Hi Bill,
On 22 Sep 2000, at 6:19, Bill Moseley wrote:
> At 01:20 AM 09/22/00 -0700, you wrote:
> >> Would that be very hard to implement?
> >>
> >Not really. I was thinking in some config directive like:
> >BumpPositionCounterCharacters |-()
>
> What about multiple characters or some way of saying bump on a period, but
> only if it's the end of a sentence? So,
>
> "It was expensive. The price was $5.24 at the local store."
> ^^ ^ ^
> Bump No bump Bump
>
> Maybe BumpPositionCounterCharacters would need to be a subset of
> IgnoreLastChar?
>
There is another posibility:
"It was expensive . The price"
Here, there is a blank before and after the period. So we have at
least 4 posibilities:
1- "word. word"
2- "word.word"
3- "word . word"
4- "word .word"
And what about these ones
5- "word... word"
I am not sure if BumpPositionCounterCharacters needs to be a
subset of IgnoreLastChar. I do not think so. But the check in the code
has to consider that it can be part of IgnoreLastChar.
Basically, in stripIgnoreLastChar function, if a char is stripped, we
have to check also if the stripped character is in
BumpPositionCounterCharacters.

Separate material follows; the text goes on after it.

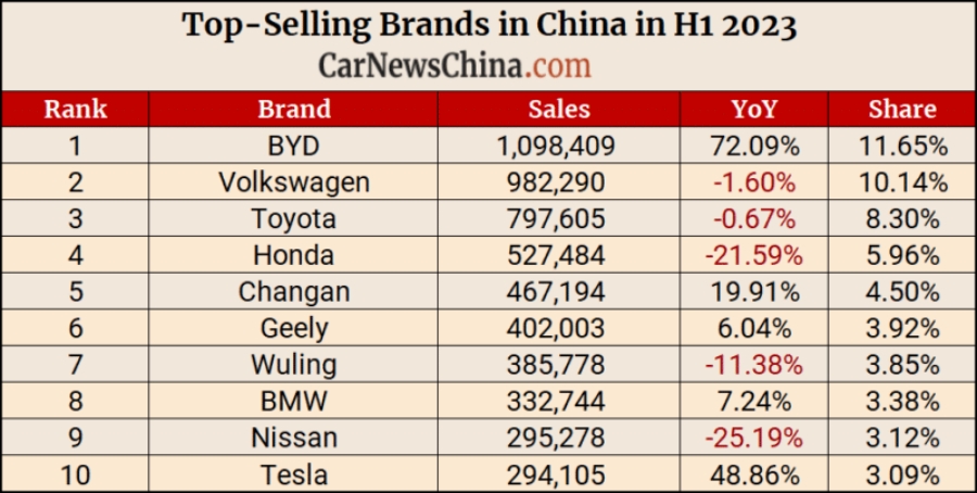 สำหรับแนวโน้มยอดขายในช่วงครึ่งปีแรก รถยนต์เครื่องยนต์สันดาปอย่าง Volkswagen Toyota Honda และ Nissan ถดถอยอย่างต่อเนื่อง โดยที่ยอดขายรวมของบรรดารถยนต์แบรนด์ต่างชาติเริ่มจะโดนแย่งยอดขายจากแบรนด์สัญชาติจีน โดยเฉพาะรถยนต์ขุมพลังไฟฟ้าล้วน

If so, counter is incremented.
Adtionally, we have to increment pointer if the next non blank char
after a word is in BumpPositionCounterCharacters.
What do you think?
> >
> >I have also been working in your lasts posts
> >- Get StopWords (SwishStopWords function)
>
> Anyway to get a switch to get the stopwords printed in the headers of the
> swish binary?
>
Sure
cu
Jose
Received on Fri Sep 22 14:27:03 2000